▸ Try it
Copy exactly the lines of the records below, and only those lines, beginning with the line that contains "Setelah dimandikan, patung" and ending with the line that contains "An adorable table".

▸ Entries provided
———

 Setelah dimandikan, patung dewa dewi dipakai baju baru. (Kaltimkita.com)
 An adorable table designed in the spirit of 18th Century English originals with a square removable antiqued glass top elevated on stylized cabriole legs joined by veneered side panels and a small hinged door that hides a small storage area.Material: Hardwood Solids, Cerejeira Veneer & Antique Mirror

———

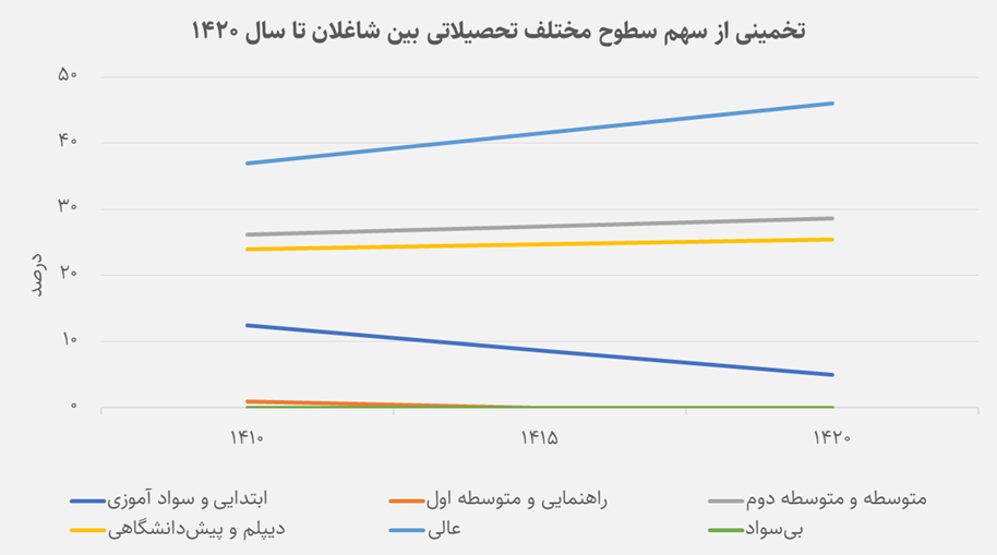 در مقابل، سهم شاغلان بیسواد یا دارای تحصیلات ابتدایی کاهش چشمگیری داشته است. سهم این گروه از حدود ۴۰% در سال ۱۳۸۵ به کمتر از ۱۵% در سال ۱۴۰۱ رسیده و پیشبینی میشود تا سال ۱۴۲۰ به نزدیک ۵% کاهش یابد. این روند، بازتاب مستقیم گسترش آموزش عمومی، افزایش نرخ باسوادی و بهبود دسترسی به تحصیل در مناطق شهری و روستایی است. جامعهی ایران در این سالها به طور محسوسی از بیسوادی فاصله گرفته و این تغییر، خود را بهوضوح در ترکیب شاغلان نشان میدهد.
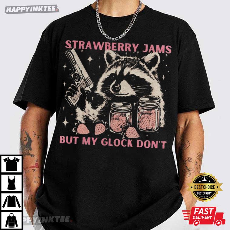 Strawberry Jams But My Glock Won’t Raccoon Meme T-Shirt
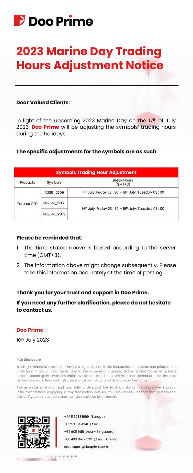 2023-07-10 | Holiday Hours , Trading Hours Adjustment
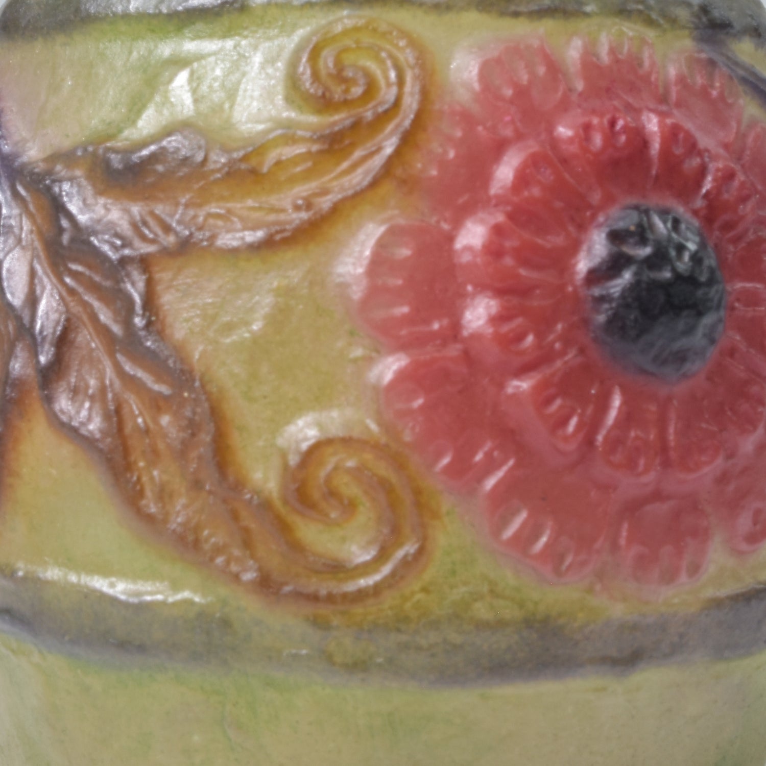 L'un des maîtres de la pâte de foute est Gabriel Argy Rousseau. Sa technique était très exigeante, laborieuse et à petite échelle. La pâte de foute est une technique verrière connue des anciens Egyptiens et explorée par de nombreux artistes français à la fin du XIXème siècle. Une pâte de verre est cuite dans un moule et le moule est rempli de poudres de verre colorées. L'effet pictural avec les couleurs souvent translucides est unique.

———

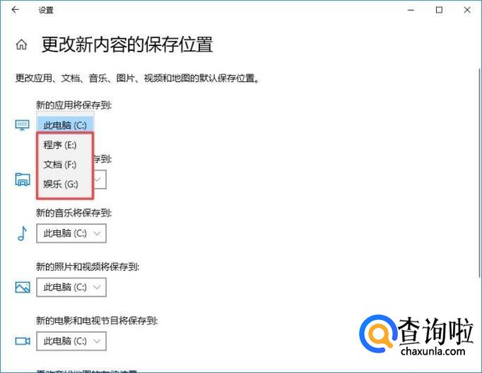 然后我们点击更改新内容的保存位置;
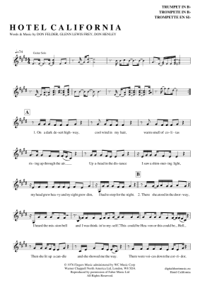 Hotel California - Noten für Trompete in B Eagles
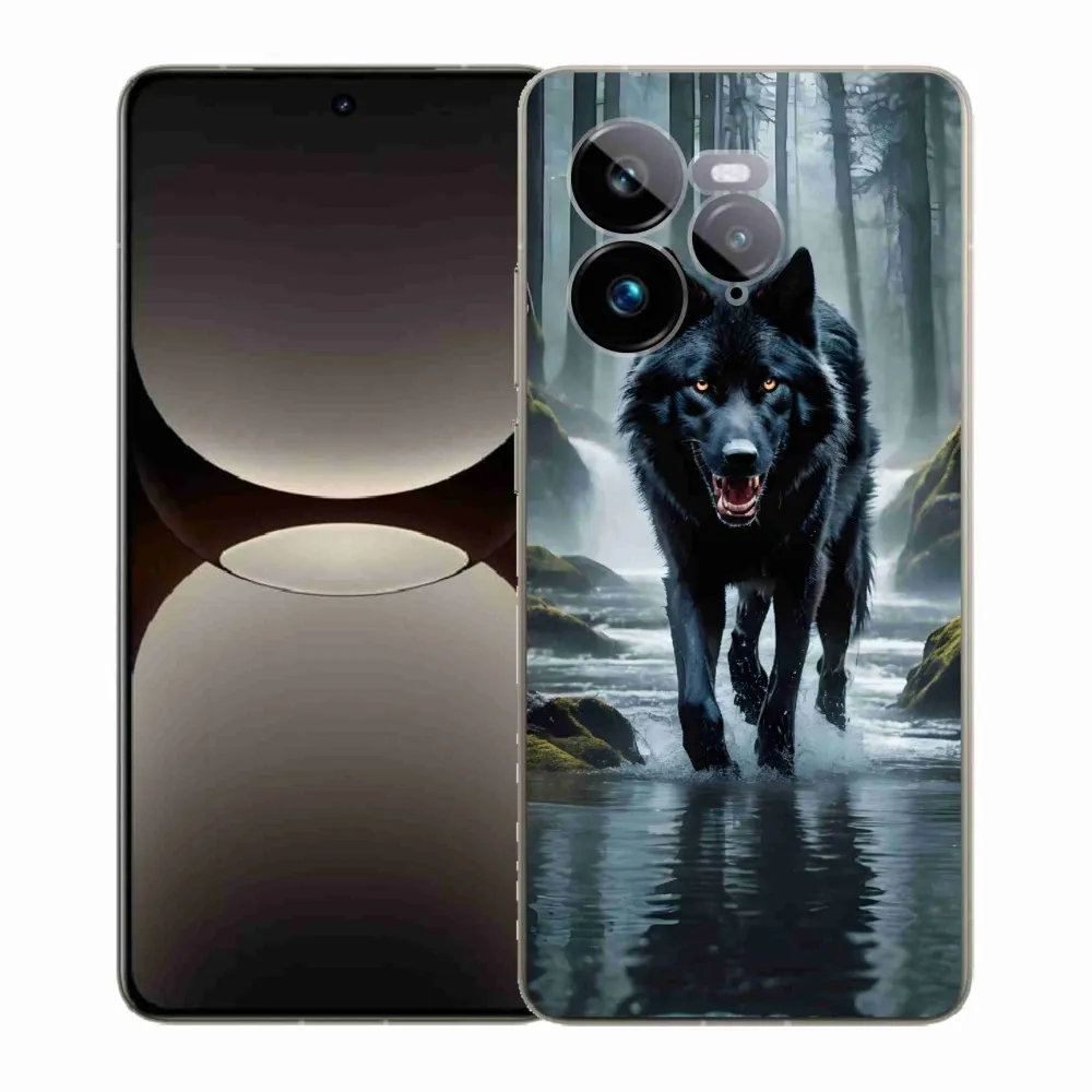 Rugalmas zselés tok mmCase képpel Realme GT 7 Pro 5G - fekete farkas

———

▸ Exercise output
 Setelah dimandikan, patung dewa dewi dipakai baju baru. (Kaltimkita.com)
 An adorable table designed in the spirit of 18th Century English originals with a square removable antiqued glass top elevated on stylized cabriole legs joined by veneered side panels and a small hinged door that hides a small storage area.Material: Hardwood Solids, Cerejeira Veneer & Antique Mirror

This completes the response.